=== Requirement ===
Your copy starts at the line containing "Stunning star trails" and ends at the last line of the material below. Reproduce those lines exactly, with no pictures.

=== Data under study ===
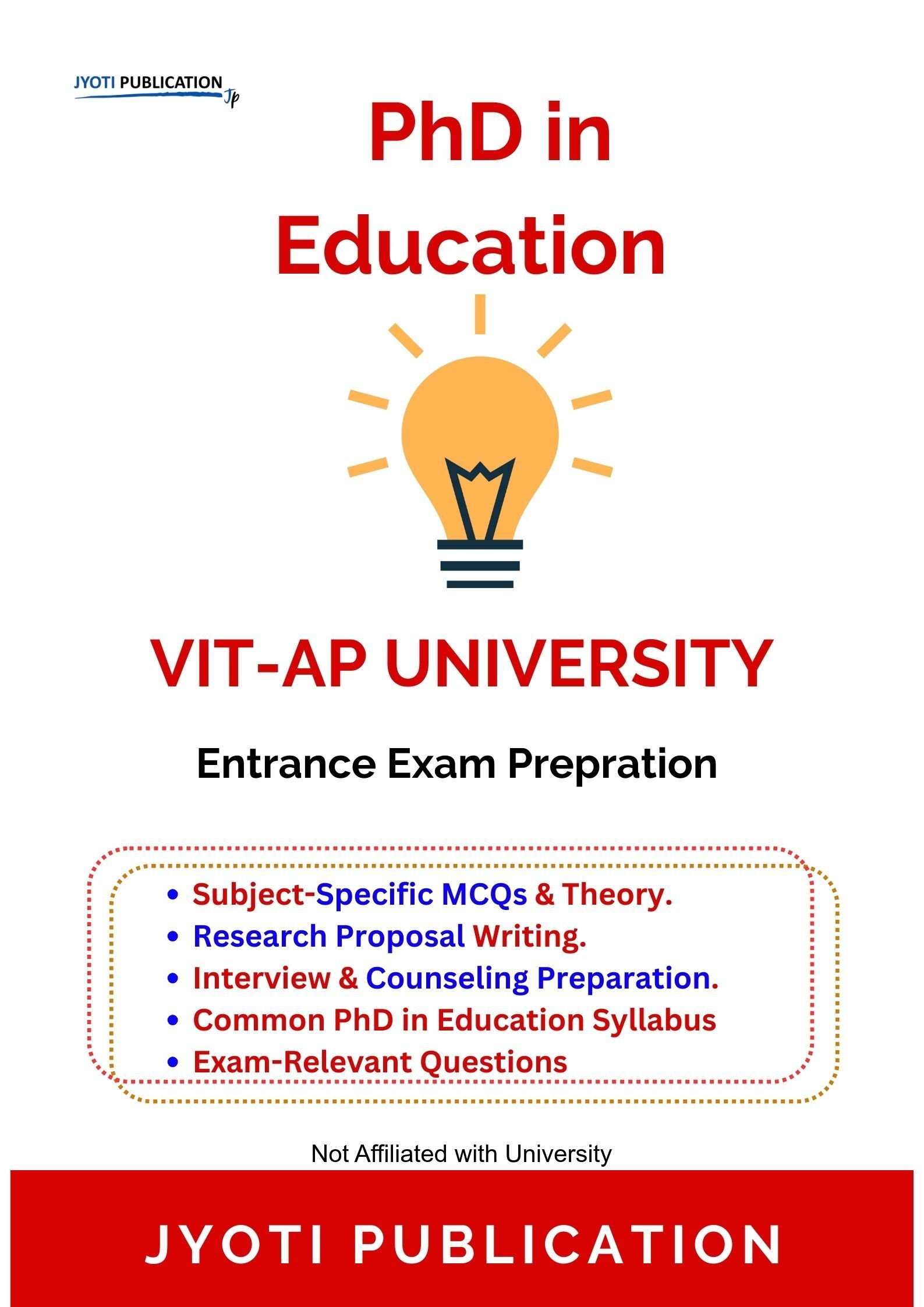 VIT AP University PhD in Education Entrance Entrance Exam Preparation Guide is an independently developed study resource created to support aspirants preparing for the PhD in Education Entrance entrance examination conducted by VIT AP University. The book is designed to help candidates understand concepts clearly, practise exam-oriented questions, and prepare in a structured and efficient manner.
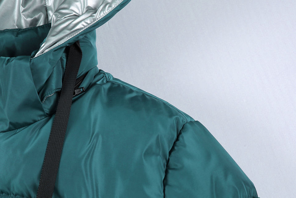Veste matelassée imperméable unisexe à manches longues fabriquée en usine, modèle 2025, avec fermeture éclair, capuche à bulles, devant haut
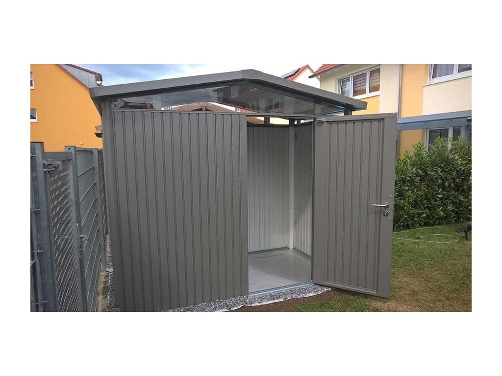 Domek na nářadí Biohort PANORAMA P4, šedý křemen, jednokřídlé dveře
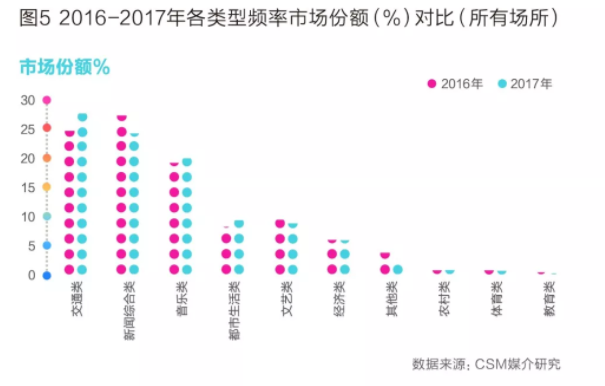 在所有场所各类型频率的收听竞争中,新闻综合类、交通类和音乐类依旧保持着较强的竞争力。其中,2017年交通类频率的市场份额提升较为明显,从2016年的24.66%上升到2017年的27.6%,一举实现反超,成功将保持了多年高位的新闻综合类频率拉下马。同时上升的还有音乐类频率,市场份额为20%。相比之下,新闻综合类频率的市场份额则从2016年的27.3%下滑到2017年的24.15%。文艺类、都市生活类和经济类频率的竞争力相对较弱,市场份额分别为8.76%、9.25%和6%。体育类、农村类和教育类因为受频率定位、节目内容等限制,受众范围较小,市场份额相对较低。
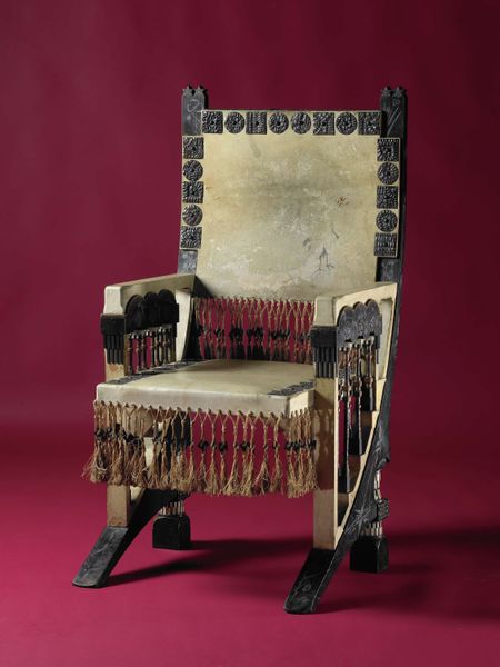 This armchair was crafted by Thomas Affleck, a prominent Philadelphia cabinetmaker in the late 18th century. Notice the combination of carved mahogany and opulent textile, both defining elements of its construction. The wood was likely imported from the West Indies, testament to the transatlantic trade networks of the time. The carving would have been a labor-intensive process, requiring highly skilled artisans. The elaborate upholstery speaks to the wealth of the chair's original owner. But this wasn't just about comfort, it was about display. The patterned fabric, probably imported from Europe, would have been stretched and secured with meticulous care, highlighting its value. This chair wasn't just a place to sit, it was a statement of social status. The design reflects the integration of fine craftsmanship with global commerce, demonstrating how objects carry cultural meaning far beyond their immediate function.
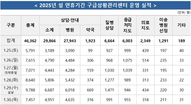 실제로 지난해 설 연휴(1월 25~30일) 동안 119를 통한 의료상담·안내는 총 4만6362건으로 집계됐다. 하루 평균 7727건으로, 2025년 평일 평균(4543건) 대비 70.1% 증가한 수치다. 설날 당일 상담 요청이 9788건으로 가장 많았다.
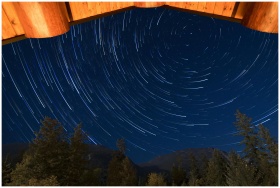 Stunning star trails forming circles above a serene forest view framed by a wooden cabin roof.
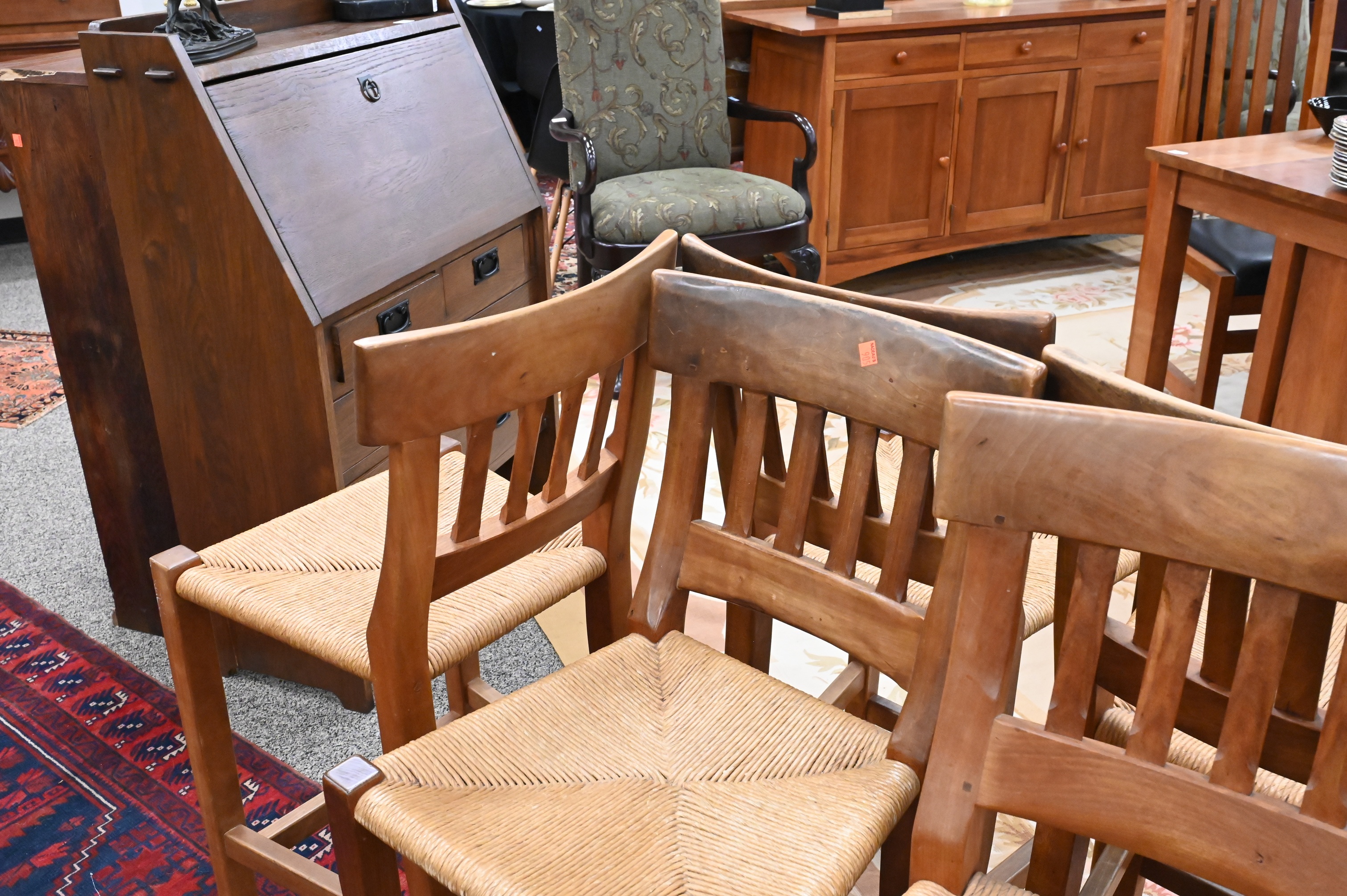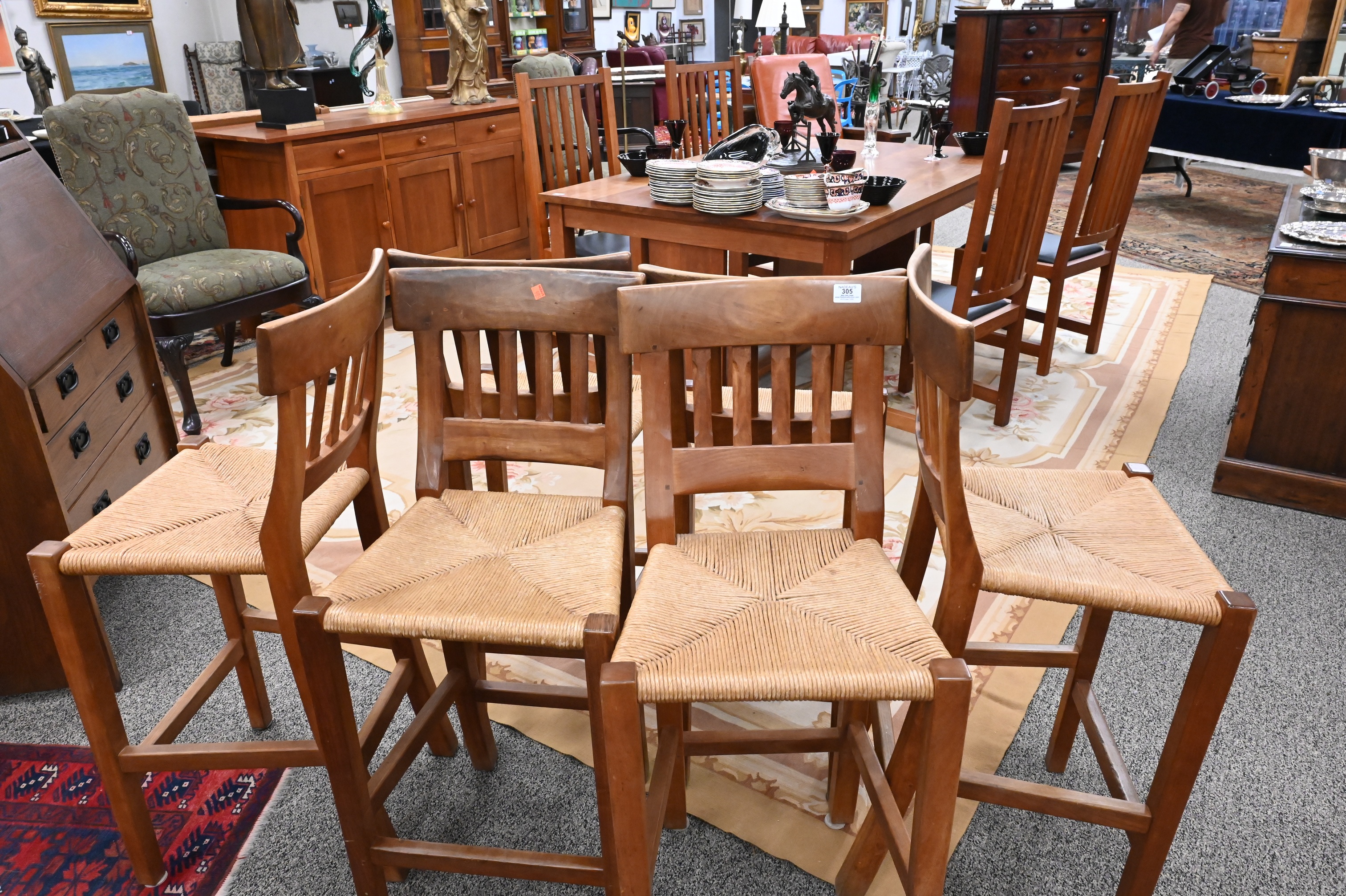 Lot 305: Set of Six Cherry Barstools having Rush Seats

=== Answer to this task ===
 Stunning star trails forming circles above a serene forest view framed by a wooden cabin roof.
 Lot 305: Set of Six Cherry Barstools having Rush Seats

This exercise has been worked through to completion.